Structural and theoretical investigations on the “coloring” scheme of γ-brass type phase Ag5Cd8

Abstract

The γ-brass type phase in the binary Ag–Cd system has been synthesized by high-temperature method, and its composition and crystal structure were analyzed by energy dispersive X-ray spectroscopy and X-ray diffraction techniques. The compound Ag5Cd8 crystallizes in the I4¯3m (cI52) space group, having cell parameter of ∼9.9 ​Å, and the unit cell contains 52 atoms distributed over 4 crystallographically independent positions.
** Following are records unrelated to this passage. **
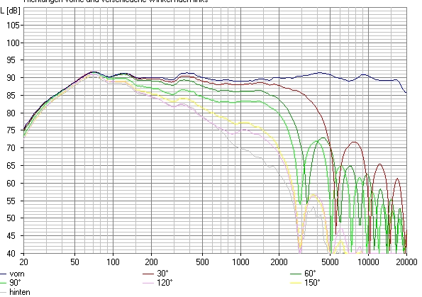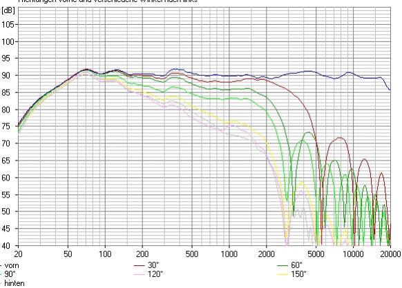 Leider sieht man nicht die Unregelmäßigkeiten unter Winkel. Auch nicht im Winkeldiagramm, es ist also nicht möglich, die unregelmäßige Abstrahlung zu simulieren! Wenn man das vernachlässigen will, kann man die KE nehmen. Bei mir klang das ja auch mit der 1. Weiche, die als Basis bei Visaton diente, gut.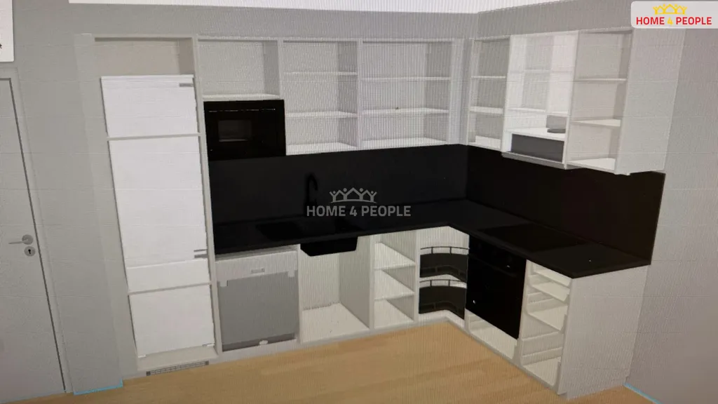 V bytě bude kuchyň z IKEA s vestavěnými spotřebiči. Myčka, lednice, mikrovlnka, digestoř. Vizualizaci najdete v galerii.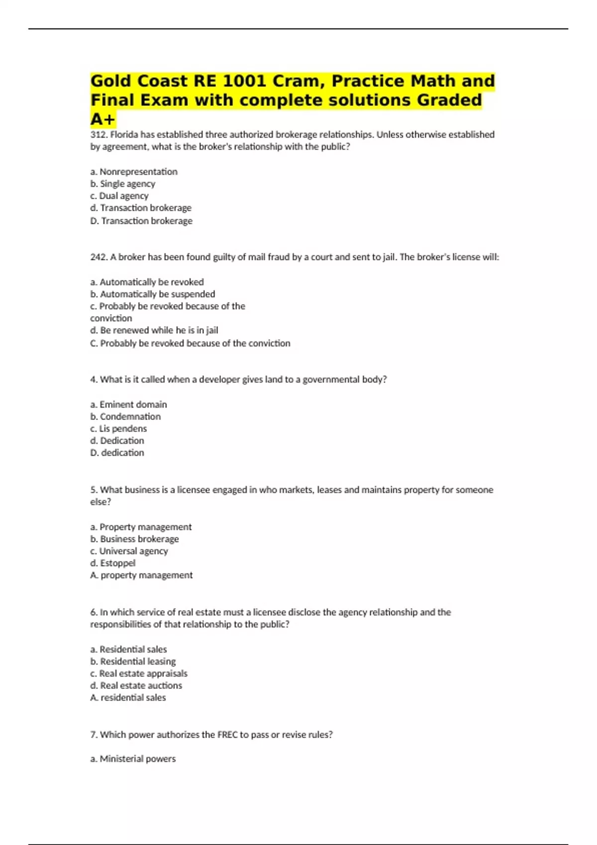 312. Florida has established three authorized brokerage relationships. Unless otherwise established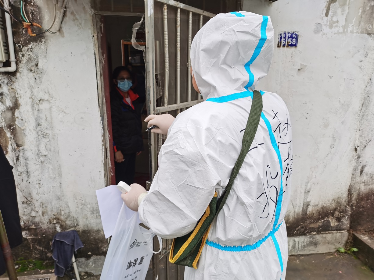 “終于完成任務(wù)了”,看著已被雨水打濕的安裝名單,工投金融板塊的三名志愿者長(zhǎng)長(zhǎng)地舒了一口氣。志愿服務(wù)隊(duì)進(jìn)駐當(dāng)天就按照社區(qū)的統(tǒng)一安排,立即開(kāi)展了門(mén)磁安裝門(mén)磁等一線工作。由于新橋社區(qū)是本輪疫情最早的“爆發(fā)點(diǎn)”,且轄區(qū)內(nèi)多為老舊小區(qū),街巷縱橫、門(mén)牌號(hào)排列混雜,群租、合租情況普遍,外來(lái)務(wù)工人員較多,給安裝工作造成了較大難度,恰巧當(dāng)天夜里下起了大雨,雨水遮擋視線,讓原本復(fù)雜的工作更添新的困難。志愿者一邊電話聯(lián)系,一邊用手電查找街邊的門(mén)牌,經(jīng)過(guò)3個(gè)半小時(shí)的摸排,終于完成了全部的安裝任務(wù)。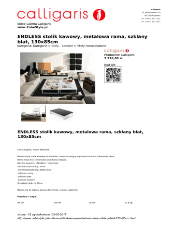 Calligaris Al. Jerozolimskie 179 02-222 Warszawa tel. +48 22 3117-222 tel. +48 22 3117-871 Sklep Galeria Calligaris www.CubeStyle.pl ENDLESS stolik kawowy, metalowa rama, szklany blat, 130x85cm kategoria: Kategorie > Stoły - konsole > Stoły nierozkładane Producent: Calligaris 2 270,00 zł Kod QR: ENDLESS stolik kawowy, metalowa rama, szklany blat, 130x85cm Stół Calligaris, model ENDLESS Nowoczesny stolik kawowy do salonów, charakteryzujący się blatem ze szkła i metalową ramą. Rama może być chromowana lub biała matowa. Blat ma wymiary 130x85cm i może być: -ceramiczny/szklany, stone -ceramiczny/szklany, stone, biały -szklany czarny -szklany biały -kawowy szklany Wysokość stołu to 25cm. Nadaje się do salonu, pokoju dziennego, sypialni, gabinetu Wymiary i waga: 85 cm 130 cm 25 cm 37.8 kg strona: 1/2 wydrukowano: 03-03-2017 http://www.cubestyle.pl/endless-stolik-kawowy-metalowa-rama-szklany-blat-130x85cm.html Czas dostawy: 6-8 tygodni Dostępne wersje: Structure Glass top Glass/Ceramic Top strona: 2/2 wydrukowano: 03-03-2017 http://www.cubestyle.pl/endless-stolik-kawowy-metalowa-rama-szklany-blat-130x85cm.html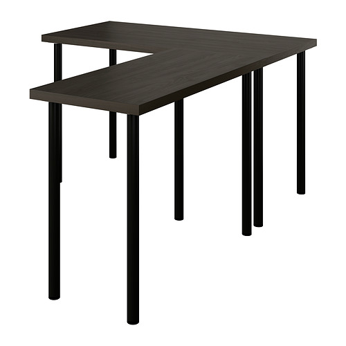 LAGKAPTEN / LINNMON escritorio en forma de L, negro-marrón / negro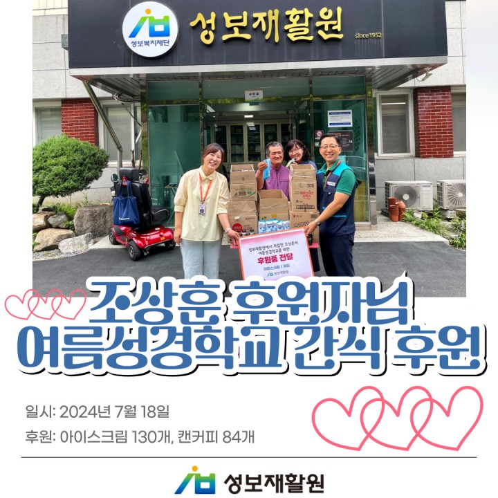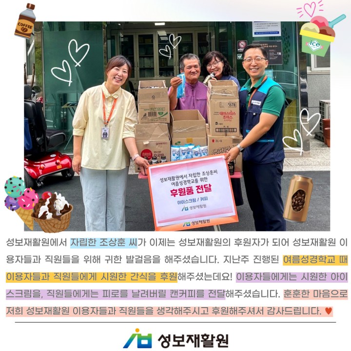 조상훈 후원자님 여름성경학교 간식 후원 담당자 0 1886 2024.07.26 11:39 조상훈 후원자님 여름성경학교 간식 후원- 일시: 2024년 7월 18일- 후원: 아이스크림 130개, 캔커피 84개성보재활원에서 자립한 조상훈 씨가 이제는 성보재활원의 후원자가 되어 성보재활원 이용자들과 직원들을 위해 귀한 발걸음을 해주셨습니다. 지난주 진행된 여름성경학교 때 이용자들과 직원들에게 시원한 간식을 후원해주셨는데요! 이용자들에게는 시원한 아이스크림을, 직원들에게는 피로를 날려버릴 캔커피를 전달해주셨습니다. 훈훈한 마음으로 저희 성보재활원 이용자들과 직원들을 생각해주시고 후원해주셔서 감사드립니다. ♥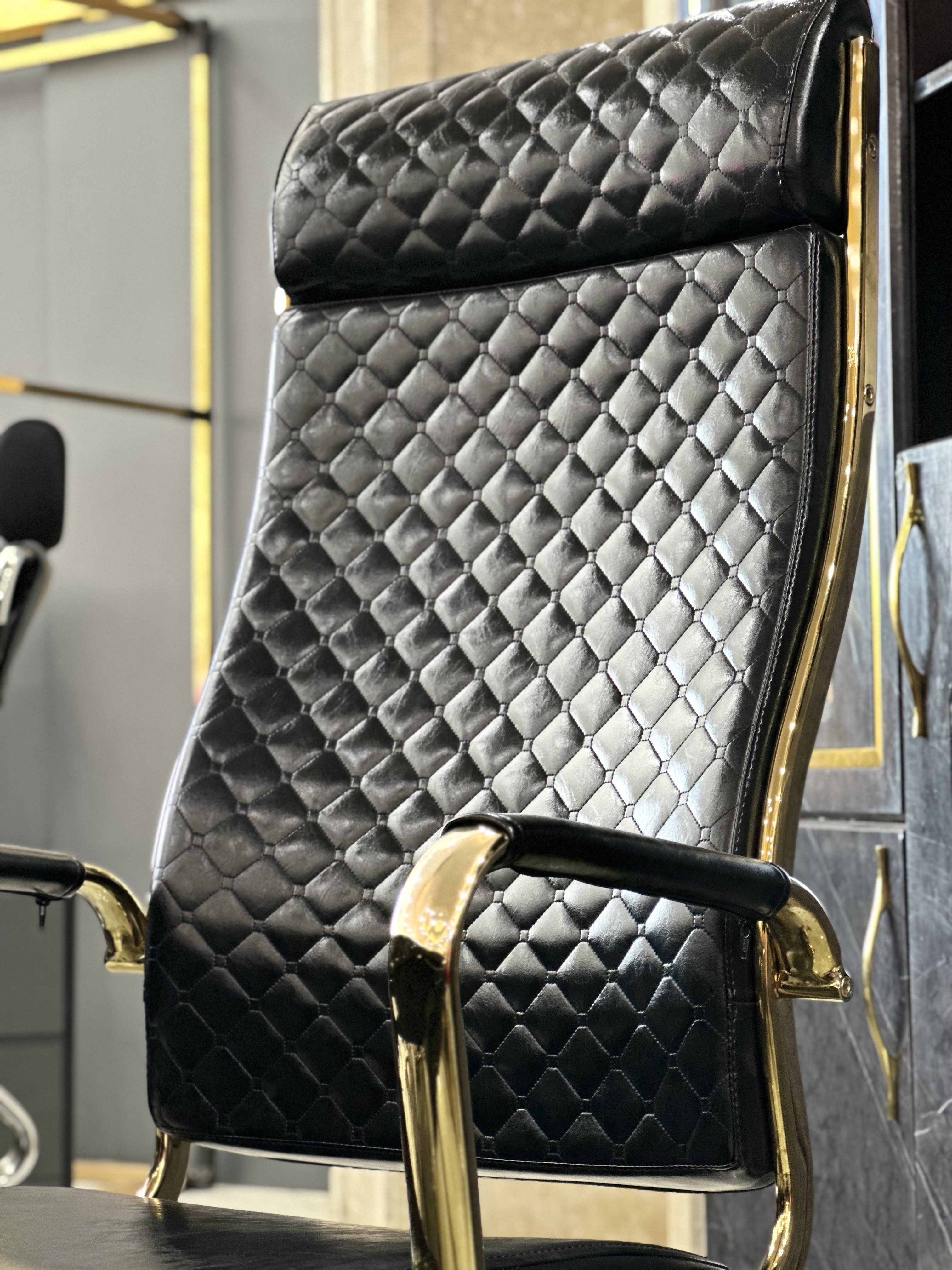 فریمهای جانبی و دستههای این صندلی از فلز با روکش طلایی PVD تولید شدهاند؛ روکش PVD کاملاً مقاوم بوده و هیچگونه تغییر رنگ یا ریزش در طول زمان نخواهد داشت.

Due to the weak X-ray scattering contrast between Ag and Cd, the first principle DFT calculations using the Vienna Ab Initio Simulation Package (VASP) code have been employed to address the “coloring problem” in the structure of Ag5Cd8. Like the ideal cubic γ-brass type phases, the structure can be conveniently described by 26-atom γ-cluster made of four concentric shells: inner tetrahedron (IT), outer tetrahedron (OT), octahedron (OH), and cuboctahedron (CO). Theoretical calculations guide that in Ag5Cd8, Cd prefers IT and CO sites and Ag in OT and OH sites of the γ-cluster. The electronic structure calculation for the model Ag5Cd8 shows the appearance of a pseudogap near the Fermi level, which validates the phase stability by the Hume-Rothery mechanism as a result of the Fermi surface-Brillouin zone (FS-BZ) interaction. Bonding analysis (COHP) using the LOBSTER package shows the Ag–Cd heteroatomic interaction being the highest contributor towards the overall stability of the γ-brass type Ag5Cd8.